ASSIGNED TASK - Among the entries below, the lines from the one with "Add a casual" up to and including the one with "Der 1–3 cm breite" are to be restated exactly, without pictures.

──────── MATERIAL TO PROCESS ────────

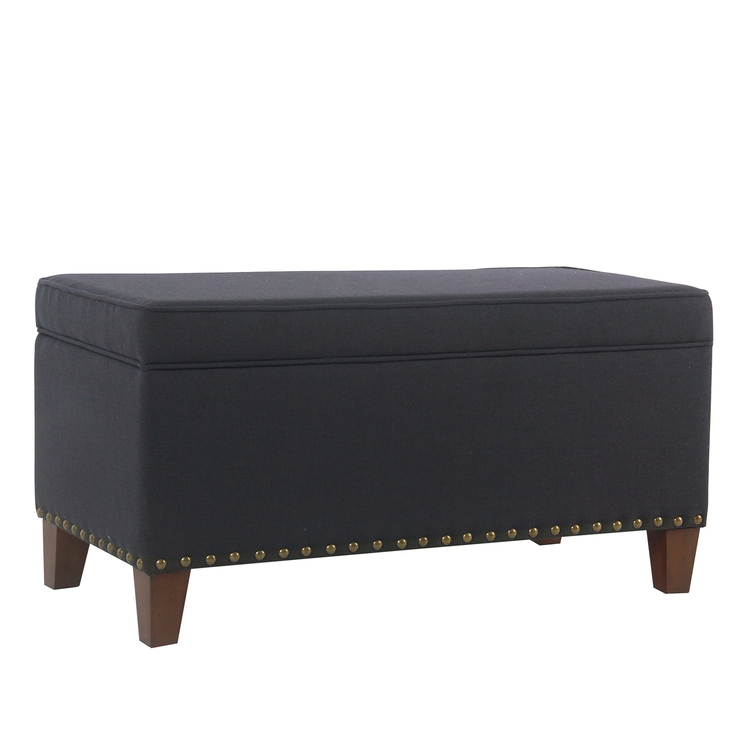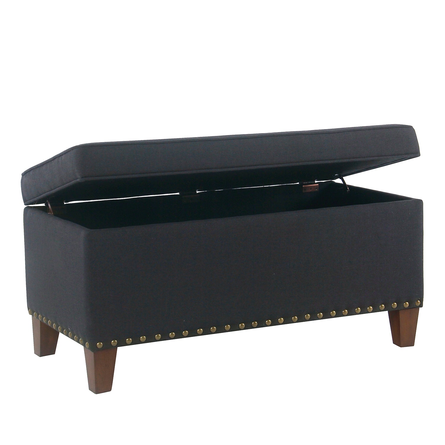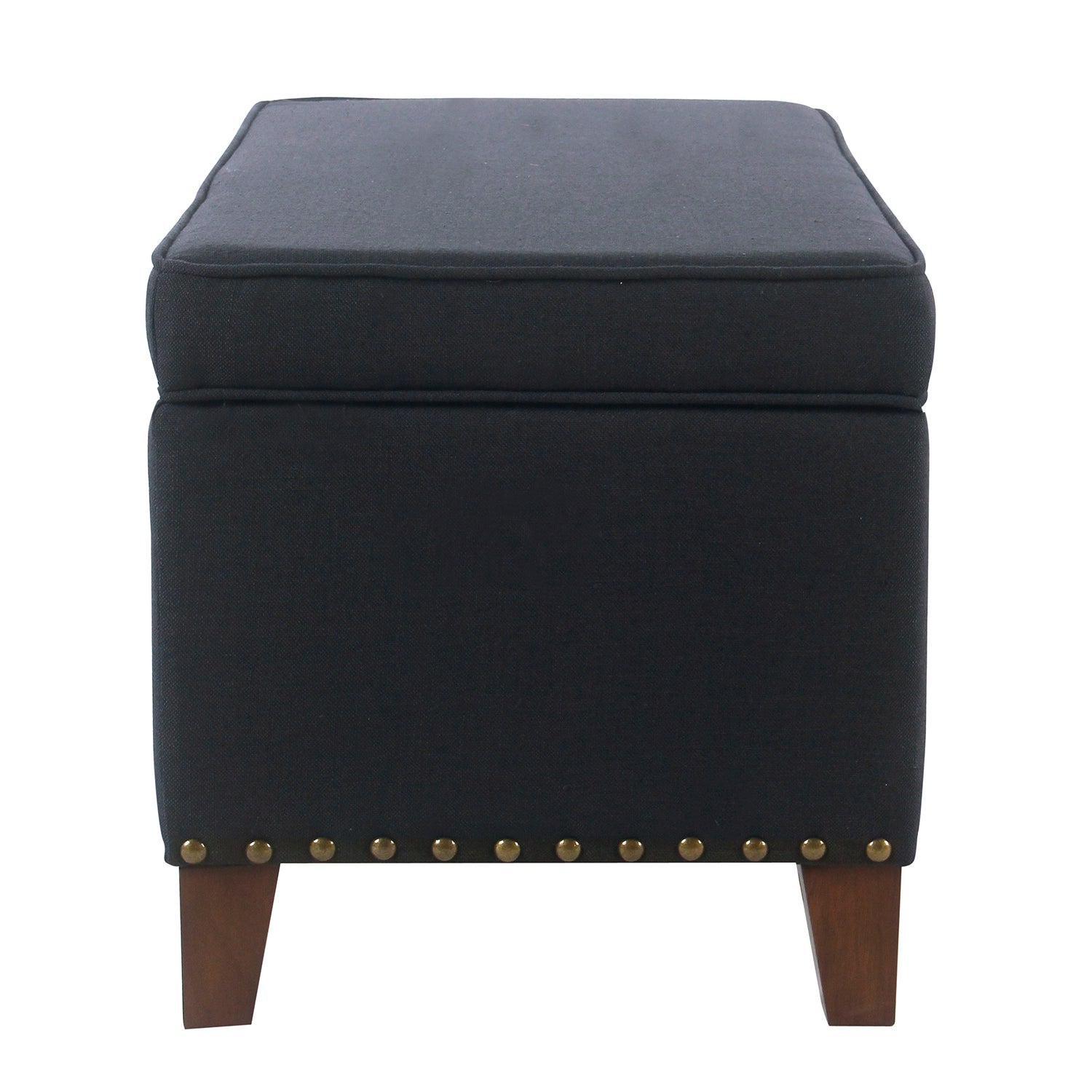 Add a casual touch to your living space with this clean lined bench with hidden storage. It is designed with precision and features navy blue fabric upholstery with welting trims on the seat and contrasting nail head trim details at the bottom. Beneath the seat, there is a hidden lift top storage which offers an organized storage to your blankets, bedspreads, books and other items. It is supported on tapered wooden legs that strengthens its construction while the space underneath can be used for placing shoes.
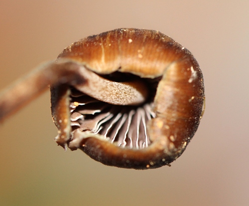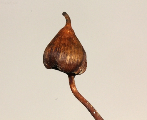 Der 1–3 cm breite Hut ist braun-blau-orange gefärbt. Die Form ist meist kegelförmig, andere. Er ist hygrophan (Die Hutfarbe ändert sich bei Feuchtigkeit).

────────
──────── MATERIAL TO PROCESS ────────

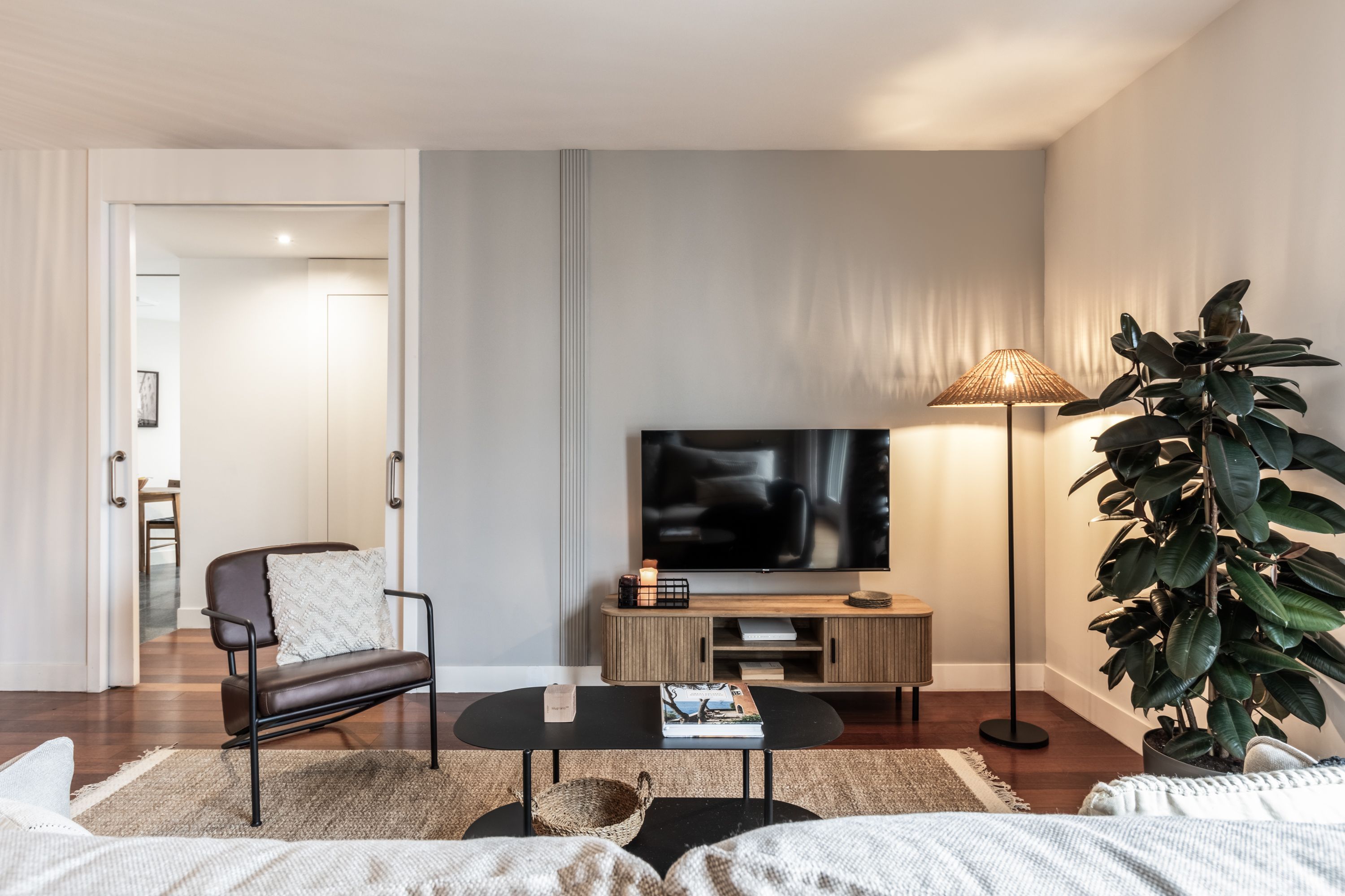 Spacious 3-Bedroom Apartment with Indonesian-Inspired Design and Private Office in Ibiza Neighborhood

────────

EXPECTED ANSWER -
 Add a casual touch to your living space with this clean lined bench with hidden storage. It is designed with precision and features navy blue fabric upholstery with welting trims on the seat and contrasting nail head trim details at the bottom. Beneath the seat, there is a hidden lift top storage which offers an organized storage to your blankets, bedspreads, books and other items. It is supported on tapered wooden legs that strengthens its construction while the space underneath can be used for placing shoes.
 Der 1–3 cm breite Hut ist braun-blau-orange gefärbt. Die Form ist meist kegelförmig, andere. Er ist hygrophan (Die Hutfarbe ändert sich bei Feuchtigkeit).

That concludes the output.